Is there a difference in collision speed between one 32-bit hash and two 16-bit hashes?

I am working on a system in which hash problems will be a problem. Essentially, there is a system that references elements in a hash table + tree structure. However, the system in question first compiles text files containing paths in the structure into a binary file containing hashed values. This is done for performance reasons. However, due to these collisions, it is very bad, because the structure cannot store 2 elements with the same hash function value; the part requesting the item will not have enough information to find out which one is needed.

My initial thought is that 2 hashes, using two different algorithms or the same algorithm twice, with 2 salts will be more resistant to collision. Two elements having the same hash for different hashing algorithms would be very unlikely.

I was hoping to keep the 32-bit hash value for space reasons, so I decided to switch to using two 16-bit algorithms instead of one 32-bit algorithm. But that would not increase the range of possible values ​​of the hash function ...

I know that switching to two 32-bit hashes would be more resistant to collision, but I wonder if switching to 2 16-bit hashes can have at least some gain over one 32-bit hash? I am not the most mathematically inclined person, so I don’t even know how to start checking the answer, but to impose force on him ...

Some background in the system:

Elements are given to the names of people, they are not random strings and usually consist of words, letters and numbers without spaces. This is a nested hash structure, so if you have something like {a => {b => {c => 'blah'}}}, you get the value "blah", getting the value a / b / c compiled the request will have 3 hash values ​​in the immediate sequence, hash values ​​a, b, and then c.

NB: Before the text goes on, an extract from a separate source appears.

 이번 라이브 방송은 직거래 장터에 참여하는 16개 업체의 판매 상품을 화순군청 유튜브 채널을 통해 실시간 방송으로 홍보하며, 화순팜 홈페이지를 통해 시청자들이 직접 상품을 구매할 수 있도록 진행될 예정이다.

The problem only occurs in a collision at a given level. The clash between the element at the upper level and lower level is good. You can have {a => {a => {...}}}, almost guaranteeing collisions that are at different levels (no problem).

In practice, any given level is likely to have less than 100 values ​​for the hash, and none of them will duplicate at the same level.

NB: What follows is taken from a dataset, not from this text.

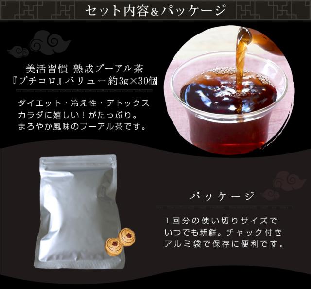 ●商品名:美活習慣 熟成プーアル茶「プチコロ」バリューサイズ ●内容量:約2.5〜3g粒タイプ(包装紙込) ×30個入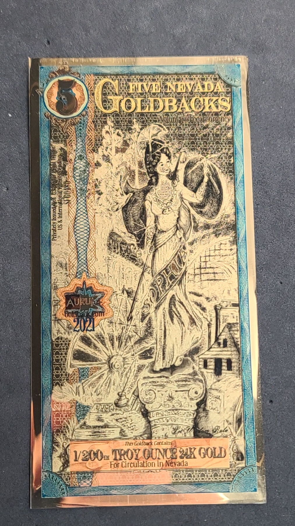 (1) 2021 1/200th Troy Ounce 24K Gold 5 Goldbacks Note -Nevada

To test the hashing algorithm that I accepted (forgot which one, but I didn’t invent it), I downloaded the entire list of CPAN Perl modules, divided all namespaces / modules into unique words, and finally hashed everyone who looked for collisions, I ran into 0 collisions. This means that the algorithm has a different hash value for each unique word in the CPAN name list (or that I did it wrong). It sounds good enough to me, but it still grumbles in my brain.

+7
source share
1 answer

If you have 2 16-bit hashes that produce uncorrelated values, then you just described a 32-bit hash algorithm. It will not be better or worse than any other 32-bit hashing algorithm.

If you are concerned about a collision, make sure you use a hash algorithm that does a good job of hashing your data (some of them are written just for quick calculation, this is not what you want), and increase the size of your hash until you are comfortable .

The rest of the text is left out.